Jeder Picó erhält eine individuelle Bildausstattung. Der Picó wird mit Persönlichkeitsattributen ausgestattet, die ähnlich wie eine „Marke“, ein „Logo“ oder „Branding“ den Namen und Charakter des Picós repräsentierten soll. In diesem Fall entspringen das ikonographische Triptychon sowie der Name des Soundsystems einem Traum von Roman Klug. Er träumte von einer super­heldenhaften ungarischen Reiterin, die – in der einen Hand ein Protestschild und in der anderen Hand eine Discokugel in die Höhe haltend – die liberale Demokratie und die Menschenrechte verteidigt.

Der Langname des Graz Picó Sound System ist „La Gran Amazona Magiar – Caja del Ritmo“ („Die große ungarische Reiterin – Rythmus-Box“).
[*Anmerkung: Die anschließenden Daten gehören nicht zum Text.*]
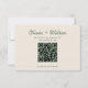 Tarjeta de gabinete RSVP de código QR de Boda verde de sabio | Elegante Greenery Digital Reply Optimiza tu planificación boda con nuestra elegante Tarjeta de Gabinete RSVP de Sage Green Boda QR Code! Esta tarjeta de moda cuenta con hermosos acentos de vegetación verde salada, que le dan un toque sereno y sofisticado a su suite boda. La inclusión de un código QR ofrece a sus huéspedes una forma cómoda y moderna de acceder a RSVP digitalmente, haciendo que el proceso de respuesta sea fácil para todos. Esta tarjeta RSVP es perfecta para parejas que aprecian tanto la elegancia clásica como la eficiencia moderna. Los tranquilos tonos verde sabio y los delicados ilustraciones botánicos evocan exuberantes jardines y una estética atemporal, ideal para bodas de jardín, rústicos o contemporáneos. Al dirigir a los clientes a su sitio web boda o a un formulario RSVP en línea mediante el código QR, simplificará el seguimiento de las respuestas y recopilará todos los detalles necesarios sin problemas. Personalizar fácilmente esta tarjeta de gabinete RSVP de código QR con la dirección URL del sitio web de su boda y las instrucciones específicas para sus invitados. Puede personalizar los tipos de letra y el diseño para que coincidan perfectamente con las invitaciones de boda principales. Imprimida en material de cartón de alta calidad, esta tarjeta complementará su suite de papelería de manera excelente. Coordine estas hermosas tarjetas de cierre RSVP del Boda Verde Sage con sus invitaciones principales, tarjetas de agradecimiento y otras papelería de boda para una celebración perfectamente coherente y memorable. Haga clic en "Personalizar ahora" para personalizar su tarjeta de gabinete RSVP de Sage Green Boda QR Code y simplificar la gestión de su boda. QR RSVP de color verde sage, tarjeta de respuesta de verde elegante, RSVP de boda digital, boda de código QR personalizado, recinto verde moderno, RSVP de boda botánica, tarjeta verde sabio rústico, boda RSVP en línea, papelería de boda verde verde, boda de código QR respuesta

Der kürzere „Spitzname“ (Nickname) „Graz Grammar Picó“ ist eine Abkürzung desselben und leitet sich von folgender Buchstabenkombination ab: ”GRAZ PICÓ Sound System „La GRan AMazona MAgiaR – Caja del Ritmo“.

Das Boxen-„Gemälde“ ist ein „work in progress“ und der Beginn einer Serie. Die Rahmen mit der Stoffbespannung sind wechselbar. Mit der Zeit verschiedene Künstler:innen beauftragt werden, sich ausgehend von der ursprünglichen Gestaltung sich in unterschiedlichster Art der Bildgebung anzunähern. So kann das Stoffgewebe zukünftig Fotos, Grafiken und Zeichnungen präsentieren oder als Projektions­fläche für diverse Medien dienen. Umsäumt wird das Triptychon von insgesamt 174 LED-Lämpchen in den Farben rot, gelb, blau, grün und weiß. Sie bringen als „Lichtorgel“ in der Nacht einen zusätzlichen Effekt. Insgesamt trägt die Dramaturgie aus Licht, Sound, Musik, Atmosphäre und dynamischer Interaktion/Bewegung zu einer holistischen Erfahrung bei. Der Tanz, das gemeinschaftlich ekstatische Erleben steht dabei im Zentrum. Sie wird zelebriert, angetrieben vom „deus ex machina musica“.

On the decks la picotera etwas verdeckt am großen Bild DJ Uschi Ultra bei der Weltpremiere des Graz Grammar Picó Sound System am 5. Mai 2022 beim Lendwirbel am Floßlendplatz in Graz.